Ekaterinburg Russia. Ekaterinburg History. Part 2
History of Ekaterinburg, Russia. Part 2
Ekaterinburg emblem: The upper part of escutcheon depicts a bear with the Gospel on its back. The bear with the Gospel is depicted on the red background thus reflecting the city’s belonging to Permskaya province, The lower part of the emblem represents a silver smelting furnace and a ore mine. These elements are painted on the green background and symbolize rich ore deposits of Ekaterinburg area.
From the beginning of the 19th century Ekaterinburg industry began changing gradually. Mechanical factories appeared in the city. They put in order the production of steam-engines and other equipment. The production of plants played an important role in technical reequipment of mining industry and metallurgy of the Urals. At the same time fat-melting, clothing and matching industries, a part of the private sector, began developing. Thus Ekaterinburg took the first place among Ural towns by the volume of the gross produce of the private industry.
In 1807, Ekaterinburg of Russia got the status of a "mining city" due to the city's place in the country's economics. Ekaterinburg of Russia took the leading position in cast iron and copper production, guns and cannon-balls casting, cold steel manufacture, and other spheres. In addition, metallurgical and metal mining plants of the Ural and Siberia had their Headquarters in Ekaterinburg. The Headquarters had different names in different periods of time. It was called Siberian Supreme Mining Command, Ober-Bergamt, Ural Mining Administration. It comprised several structures: mining courts, mining police, central mining drugstore and the city’s garrison submitted to the chief of the mining plants of the Ural Mountains.

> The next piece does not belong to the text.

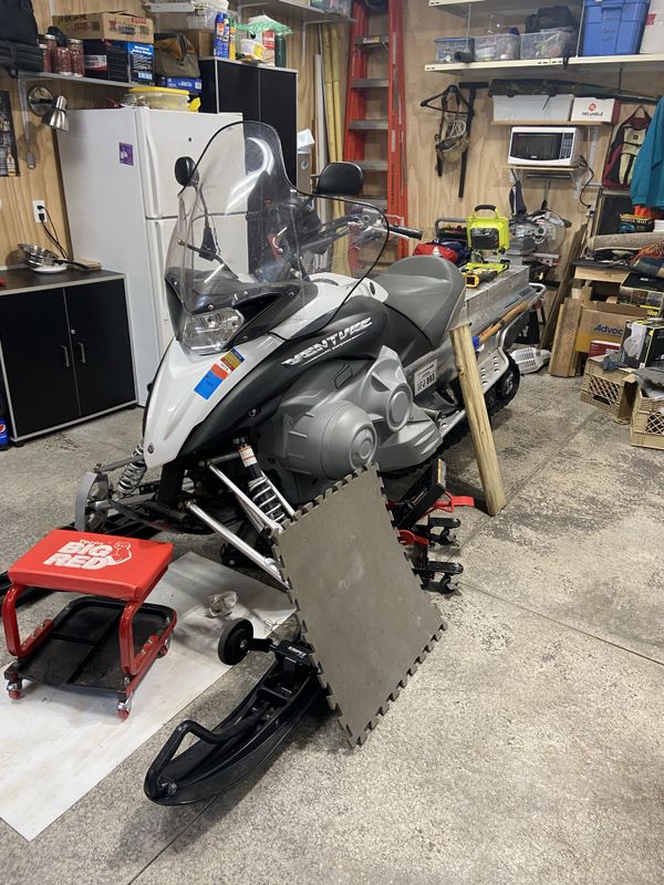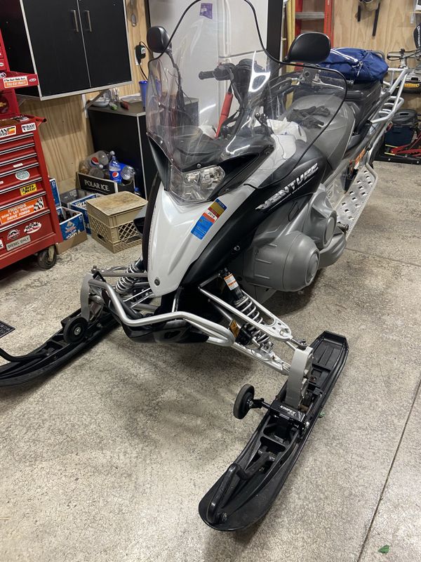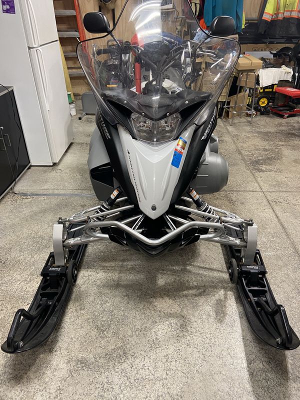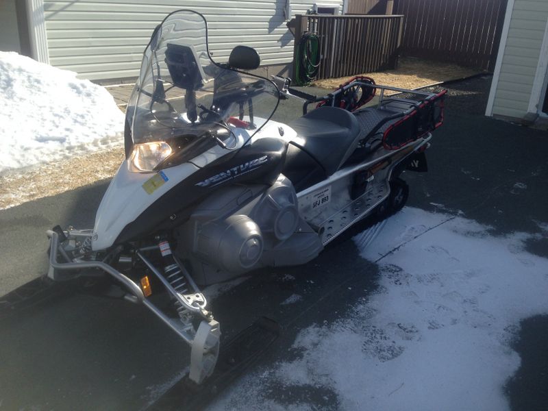 2011 Yamaha Venture Multipurpose Genesis 499cc 2 Cylinder 4 Stroke Front: KYB Aluminum Shocks, Double Wishbone Extra Wide Skis Rear: HPG Shocks, Pro-comfort 144 Skid 144"x16"x1.25" Camoplast Custom Rip Saw Track Electric/Mechanical Reverse Large Windshield Rear rack with removable 2-up seat for even more storage Yamaha accessory lockable storage box Kimpex Ski Mounted Dolly Wheels

Owing to its unique location on the border of Europe and Asia, Ekaterinburg played an important role as a trade mediator between two parts of the world. By the middle of the 19th century commercial intercourse of Ekaterinburg was valued at 8 millions rubles per year, and by the end of the 19th century it increased almost three times more. Such growth was connected with railway lines construction. The first railway line Perm -Ekaterinburg was launched to operation in 1878 year. Railway line Ekaterinburg -Tyumen went into operation seven years later and in 1897 Ekaterinburg-Chelyabinsk line began functioning. It allowed Ekaterinburg to join the general railway network of the country.
Industry and trade development was accompanied by appearance of banking system. In 1843 the department of the State Bank was opened. By the beginning of the 20th century private Siberian and Volgsko-Kamskij banks together with the municipal Public bank worked. Soon Russian Foreign Commerce Bank, Siberian Trade Industry Bank and Russian-Asian Bank opened their departments in Ekaterinburg. Their summed transactions were more than one billion rubles a year.
Not only economic potential grew but population too. In 1807 year 10 000 people lived in Ekaterinburg, in 1897, population was estimated as 43 200 people and before the revolution of 1917 there were 71,5 thousand inhabitants. Ekaterinburg took the second place after Perm in the number of population among Ural towns.
Gradually Ekaterinburg became known in Russia. Ekaterinburg itself, its lapidary factory and the mint were visited by famous Russian people. Among them were Russian academician I.Gmelin, captain-commander V.Bering, an outstanding explorer S.Cheljuskin, English scientist T.Atkinson, German scientist F.Nansen. In 1824 tsar Alexander I visited the city and in 1837 a heir of the throne and intending emperor Alexander II paid a visit to Ekaterinburg. All of them, with rare exception, liked the city and had best memories about Ekaterinburg, its people, architecture, techniques and technologies of leading mining plants.